There is true knowledge, learn thou it is this: to see one changeless life in all the lives, in the separate, the One Inseparable. There is imperfect knowledge: that which sees the separate existences apart and seeing them apart, holding them to be real. And there is false knowledge: to cling to one line of action as if it were all, heedless of the consequences, heedless of the harm, narrow and dull and dark.

Interconnected

The message is clear: to make the people flee like rats, to make them drown so the chosen can enjoy the short lived consequences of large dams paying lip service to national security while dangling the virtual fig of cash compensation is to sentence the displaced or the drowned to an involuntary acceptance of the falsehood: ``life is profit''. However the specialists have forgotten that the universe is interconnected and the biosphere is born out of such interconnections of the true and therefore of enduring and successful ways of life, in harmony with all that is successful. When you harm the living, being a part of the web, you will also be harmed. When you destroy the living, you will be destroyed as well, because you are alive. That is what is happening in the world today as devastatingly demonstrated by dams.

As the stalwarts against arrogant displacement of people by large dams face court hearings, waters are rising behind all the dams on the Indian tectonic plate, all of them gigantic, built during the last century, one by one commissioned over the years. While they filled up during each monsoon, the cumulative effects of the rising waters behind more and more dams also rose. That is until 1982-83, when like a mammoth underground nuclear explosion of a billion hydrogen bombs, the number of earthquakes occurring annually doubled its rate of increase, from 3.5 per cent per annum compounded to about 7 per cent. The number of earthquakes of magnitude 1.0 to 9.9 MW (moment magnitude scale) rose dramatically from 4,479 in 1973 (from June to May: the hydrological year between monsoons) to 20,689 in the year 2000 (by a factor of 4.6).

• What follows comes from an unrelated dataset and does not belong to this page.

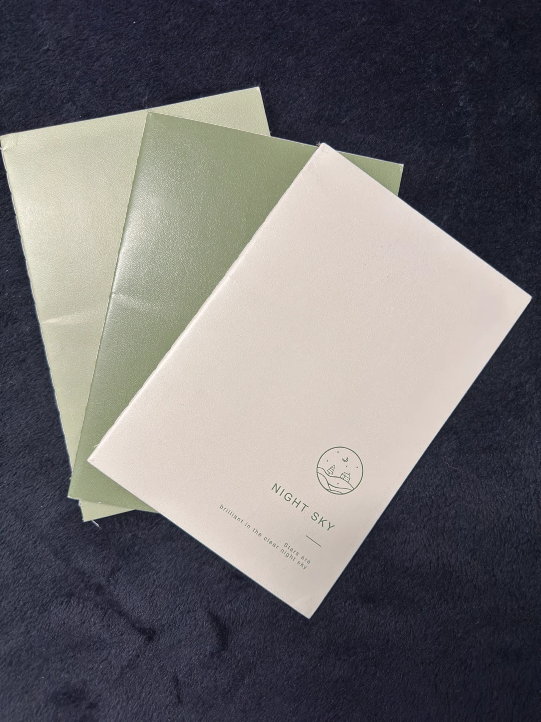 Set of three lined notebooks with a 'Night Sky' design. These notebooks are great for jotting down notes or journaling. Each notebook features lined pages and a durable cover.
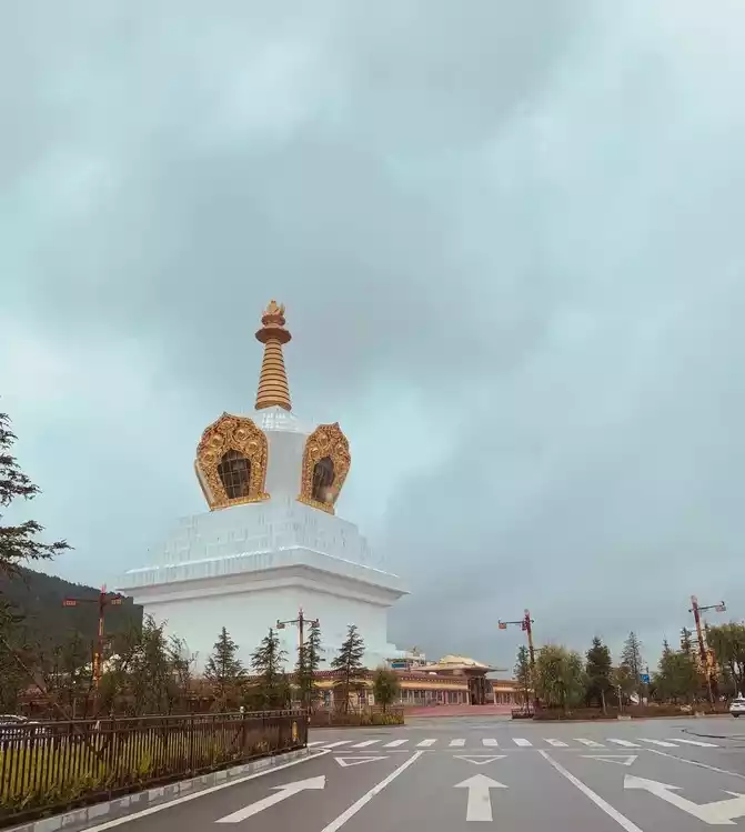 (The Great White Pagoda of Shangri-La is built according to the method of the Tibetan Buddhist pagoda in the form of a tower within a tower, and the four Buddha niches of the pagoda are enshrined with a statue of Guanyin with four arms, Manjushri Bodhisattva, Master Padmasambhad, and Master Tsongkhapa, and all religious ceremonies are jointly agreed upon by the eminent monks of the four major sects of Tibetan Buddhism (five major monasteries) in the territory, and then passed through the living Buddha of Songzanlin Monastery? Lu Rong Yundan will be implemented after it is determined. The outer tower is 108 meters high, the base is 70 cubic meters, and the inner tower is 33 meters high. It is the tallest and largest Buddhist white pagoda in the world today. )

This year on January 26, when the waters in all the dams were being drained, the oscillations on the restive Indian tectonic plate resulted in the rare Bhuj earthquake appearing sooner than it used to, by a factor of 4.6. This year during the monsoon, the waters in the dams are again synchronising their rises - the fruits of the work of 50 years or more are now being experienced in a single monsoon and its effects again felt till the coming of the next monsoon. Already, a mighty quake off the coast of Southern Peru of 8.3 MW on June 23 has been followed by another devastating one of 7.5 MW just two weeks later on July 7. Almost certainly a period of mighty quakes will be witnessed in the coming months and years by the Indian tectonic plate being made progressively more dangerous by the automatically synchronised rising and falling of the waters behind all the dams in the subcontinent.

Precautionary principle

The people of India must urge and succeed in making the Indian Governments to apply the precautionary principle which they abandoned with the advent of colonialism which forced the people to forget the sara of the Gita, which, as Radhakrishnan pointed out, was being actively practised by the rulers.

The public hearings must take place repeatedly in every corner of the country to implement decentralised decision making, also in the case of the Narmada dam, after suspending work on the dams for review. I would be glad to place before any such hearings my own study (awaiting publication) on how dams in India are contributing to earthquakes worldwide. Applying the precautionary principle, the government will find out for itself that the earthquakes do not differentiate between say Gujarat and areas outside where people ``would flee like rats or drown'' when the waters in the dams rise.